Note that, for simplicitly, the unification algorithm here does not perform an occurs check. For the sake of correctness, it should perform one, but since it's very easy to implement and doesn't really add explanatory value to the exposition, I left it out. You can undertake adding one as an exercise, if you like.
expand
takes a term and an environment and returns a new term which
is the same as the input term except that all variables are replaced
with the terms that they are bound to in the environment. subst
is a
helper function used by expand
.
During the search process, a variable like #(X)
will be instantiated
to a variable like #(X 2)
(where 2 indicates the depth of the search),
and it is #(X 2)
that will match a term, but this information is
usually irrelevant to the user, for whom the report that #(X)
matched
would be more meaningful. collapse-env
(with its helper functions
expand-env
and expand-binding
) and restrict-to-vars
are used clean
up the output of the engine, and make its results more presentable to
the user in this way.
search
implements the core inference process. It is given a database
(a list of facts and rules, where a fact is simply a rule with no
premises), and a list of goals. It keeps track of the current
environment (list of bindings) and the current search depth.
search
tries to unify
each rule in the database with the first goal
of the current list of goals, under the current environment. If this
succeeds, it takes the unifying environment (which we now call a
"unifier"), expand
s the consequent of the rule and the remaining goals
using the unifier, joins these together to obtain a new list of goals,
and recursively calls itself with the new list of goals and the new
environment, to continue to the search. If there are no more goals in
the list to satisfy, the search was a success and the final unifying
environment is returned.
But note that search
might actually return to itself, because it
calls itself recursively. So it returns a list of unifying environments,
and collects these lists to ultimately return all of the successful searches
in the database.
A real Prolog interpreter would do this piecemeal, asking the user if they want it to search for the next answer after each answer is found. For simplicitly, Cardboard Prolog always returns all the answers, and if there are infinitely many answers, this will simply not terminate.

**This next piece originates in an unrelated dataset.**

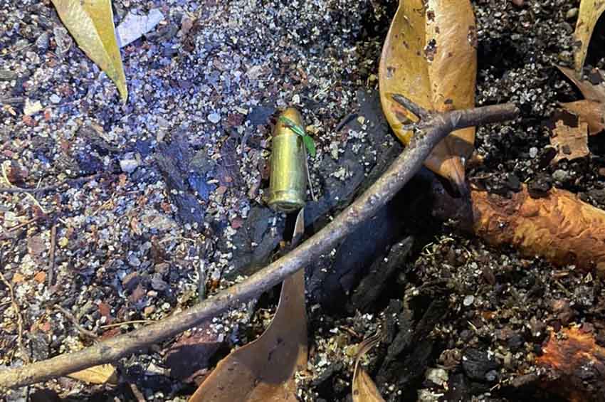 เมื่อถึงจุดเกิดเหตุพบรถจักรยานยนต์ยี่ห้อฮอนด้าคลิก สีแดง ไม่ติดแผ่นป้ายทะเบียน ล้มตะแคงอยู่ข้างเสาไฟฟ้าริมถนน โดยมีกองเลือดจำนวนหนึ่งตกอยู่ และปลอกกระสุนปืนพก ขนาด 9 มม. ตกอยู่จำนวน 1 ปลอก ส่วนที่บริเวณพุ่มไม้ริมถนนห่างจากจุดเกิดเหตุ ประมาณ 20 เมตร เจ้าหน้าที่พบปลอกกระสุนปืนสงคราม อา.ก้า.และเอ็ม.16 ตกอยู่จำนวนกว่า 10 ปลอก พร้อมรอยพื้นรองเท้าบนพื้นจำนวนหนึ่ง เจ้าหน้าที่จึงได้เก็บรวบรวมหลักฐานในที่เกิดเหตุ

(This design choice was for simplicitly, but it would certainly be an interesting exercise to rewrite it to work in the fashion of Prolog. Many of the descriptions I found online did describe how Prolog interpreters accomplish this, but none of them phrased it in terms of continuations, which is probably how you'd want to do it in Scheme.)
Finally, match-all
is a driver function for search
, and the main
interface to the inference engine. It takes a database and a list of
goals, and returns a list of comprehensible answers.